*** Opening Data in this exercise ***
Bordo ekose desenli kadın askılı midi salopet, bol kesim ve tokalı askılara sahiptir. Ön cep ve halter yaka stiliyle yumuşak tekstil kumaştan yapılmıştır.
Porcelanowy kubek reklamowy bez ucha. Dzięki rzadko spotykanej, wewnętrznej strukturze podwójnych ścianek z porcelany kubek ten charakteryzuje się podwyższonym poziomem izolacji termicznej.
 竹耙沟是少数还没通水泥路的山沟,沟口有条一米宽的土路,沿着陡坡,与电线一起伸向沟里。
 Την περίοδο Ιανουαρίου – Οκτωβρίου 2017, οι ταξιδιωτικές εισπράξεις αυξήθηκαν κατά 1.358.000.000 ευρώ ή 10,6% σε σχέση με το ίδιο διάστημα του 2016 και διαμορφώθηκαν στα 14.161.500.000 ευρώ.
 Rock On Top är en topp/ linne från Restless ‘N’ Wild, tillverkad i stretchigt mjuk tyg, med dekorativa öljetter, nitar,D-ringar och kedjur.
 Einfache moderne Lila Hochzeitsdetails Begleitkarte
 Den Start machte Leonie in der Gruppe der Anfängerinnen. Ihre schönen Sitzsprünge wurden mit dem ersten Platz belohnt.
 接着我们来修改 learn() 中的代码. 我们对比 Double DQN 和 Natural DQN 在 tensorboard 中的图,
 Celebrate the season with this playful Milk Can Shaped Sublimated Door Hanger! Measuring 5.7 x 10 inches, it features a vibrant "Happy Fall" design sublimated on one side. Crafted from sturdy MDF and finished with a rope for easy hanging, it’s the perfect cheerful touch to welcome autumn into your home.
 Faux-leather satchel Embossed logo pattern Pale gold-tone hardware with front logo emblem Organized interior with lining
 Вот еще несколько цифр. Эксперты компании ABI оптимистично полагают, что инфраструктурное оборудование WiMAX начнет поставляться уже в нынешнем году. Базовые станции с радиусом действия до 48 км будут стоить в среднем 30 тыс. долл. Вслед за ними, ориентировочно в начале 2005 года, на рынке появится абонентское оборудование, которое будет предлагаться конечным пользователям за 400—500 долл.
*** Closing Data in this exercise ***
• _What this task involves_
Each line from the start of the listing above through the line containing "Faux-leather satchel Embossed" must be reproduced exactly. Leave out the rest.

• _Answer_
Bordo ekose desenli kadın askılı midi salopet, bol kesim ve tokalı askılara sahiptir. Ön cep ve halter yaka stiliyle yumuşak tekstil kumaştan yapılmıştır.
Porcelanowy kubek reklamowy bez ucha. Dzięki rzadko spotykanej, wewnętrznej strukturze podwójnych ścianek z porcelany kubek ten charakteryzuje się podwyższonym poziomem izolacji termicznej.
 竹耙沟是少数还没通水泥路的山沟,沟口有条一米宽的土路,沿着陡坡,与电线一起伸向沟里。
 Την περίοδο Ιανουαρίου – Οκτωβρίου 2017, οι ταξιδιωτικές εισπράξεις αυξήθηκαν κατά 1.358.000.000 ευρώ ή 10,6% σε σχέση με το ίδιο διάστημα του 2016 και διαμορφώθηκαν στα 14.161.500.000 ευρώ.
 Rock On Top är en topp/ linne från Restless ‘N’ Wild, tillverkad i stretchigt mjuk tyg, med dekorativa öljetter, nitar,D-ringar och kedjur.
 Einfache moderne Lila Hochzeitsdetails Begleitkarte
 Den Start machte Leonie in der Gruppe der Anfängerinnen. Ihre schönen Sitzsprünge wurden mit dem ersten Platz belohnt.
 接着我们来修改 learn() 中的代码. 我们对比 Double DQN 和 Natural DQN 在 tensorboard 中的图,
 Celebrate the season with this playful Milk Can Shaped Sublimated Door Hanger! Measuring 5.7 x 10 inches, it features a vibrant "Happy Fall" design sublimated on one side. Crafted from sturdy MDF and finished with a rope for easy hanging, it’s the perfect cheerful touch to welcome autumn into your home.
 Faux-leather satchel Embossed logo pattern Pale gold-tone hardware with front logo emblem Organized interior with lining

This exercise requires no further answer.